Apple has enhanced their sleep tracking experience with iOS 16 and watchOS 9, adding insights such as Sleep Stages, Amounts, and Comparisons to make its tracking even more comprehensive, perfect to maintain your sleep schedule. To access your Sleep app on your watch, tap on “my Tracking”. You can see the amount of sleep and sleep quality, as it is recorded by your Apple Watch. To view the amount of sleep data, open the Health app on iPhone and navigate to Browse > Sleep > tap sleep.
How to set up sleep schedule on your Apple Watch
To track your sleep with an Apple watch, it needs to be linked to an iPhone with iOS 16 or later or watchOS 9. Tap the ‘My Watch’ tab to find the sleep schedule. Be sure you’ve appropriately paired your Apple Watch and turn on sleep tracking. When enabled, the Sleep app will begin collecting wrist movement data at night for comparison with heart rate and respiratory rates (on Apple Watch Series 8+ and Ultra models) to provide you with more in-depth analysis into your sleeping patterns.
Edit your sleep schedule
You can edit sleep settings directly on your watch, including setting a new schedule, changing wind down times, and adding a wake-up reminder, to enhance your sleep history. You should wear your Apple watch before your wind down process begins. Moreover, you can customize the behavior of your device during your sleep by restricting notifications or altering display settings, providing you a more personalized sleep experience.

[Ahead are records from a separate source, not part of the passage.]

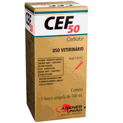 Cef-50 é uma suspensão pronta para uso à base de ceftiofur, uma cefalosporina semissintética de terceira geração. Seu mecanismo de ação é semelhante ao de outros antibióticos beta-lactâmicos, ou seja, inibe a síntese da parede celular bacteriana. O ceftiofur é resistente às enzimas beta-lactamases que inativam certos antimicrobianos como as penicilinas. Por isso, seu espectro de atividade é amplo, comparável ao da penicilina G, acrescentando-se maior atividade em relação às bactérias gram-negativas. Além disso, o ceftiofur atinge concentrações plasmáticas terapêuticas 1 a 5 horas após a administração parenteral, que se mantêm superiores à concentração necessária para matar os microrganismos por períodos de até 48 horas. Cef-50 é indicado para o tratamento de infecções gastrointestinais (diarreias), infecções respiratórias (pneumonias), infecções genitourinárias (metrites, cistites), pododermatites e meningoencefalite bacteriana. Quando utilizado conforme as recomendações de uso, os resíduos de ceftiofur no leite são muito baixos, não sendo necessário o descarte do leite dos animais tratados.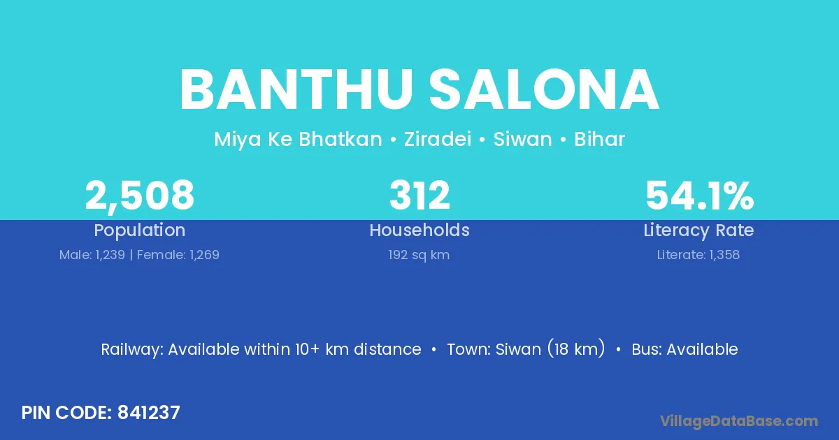 Siwan (18 km) is the nearest town to Banthu Salona village for major economic activities and is located approximately 18 km away.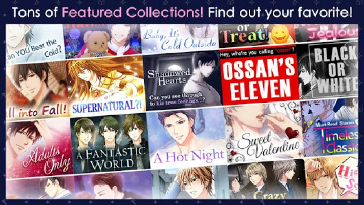 Looking for a new romantic adventure? Look no further! With our app, you have the chance to choose from 300 handsome men who are all vying for your heart. The decision is yours - who will sweep you off your feet? Will you stick to just one man or have a new guy for every day of the week? The possibilities are endless as you search for the perfect ikemen (handsome man) for you.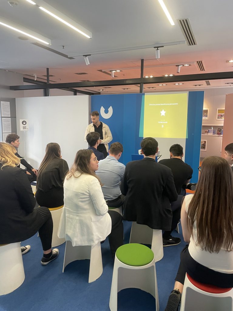 Un alt moment remarcabil al implicării bucureștene în proiect a fost colaborarea cu studenții asociației Security Studies and World Politics. Împreună cu aceștia, am experimentat cum funcționează procesul legislativ european și am discutat în detaliu despre importanța participării active în viața democratică a Uniunii Europene. Prin aceste activități, tinerii nu doar că și-au îmbogățit cunoștințele despre mecanismele legislative ale UE, dar au fost și motivați să devină actori activi în procesul democratic, înțelegând mai bine cum pot influența deciziile care le afectează viitorul.

To evaluate your sleep patterns and quantity, you can examine your sleep over a 14-day duration in the Health app using Sleep on Apple Watch. This way, you can view your sleep history. There, you can view your sleep by observing the average durations spent in each stage: REM, Core, and Deep, as well as the average duration per night and the number of times you woke up during the night.
Focus as another new way of sleep tracking
Focus offers a new way of tracking sleep, altering display settings during your scheduled Wind Down or Bedtime, and reactivating it at your scheduled Wakeup time to help create personalized sleep schedules. Perfect for people who find it difficult to shut off screens at the end of a long day or who simply wish to reduce screen time before sleeping, Sleep Focus can be managed through Apple Watch app on iPhone by selecting Settings then Focus.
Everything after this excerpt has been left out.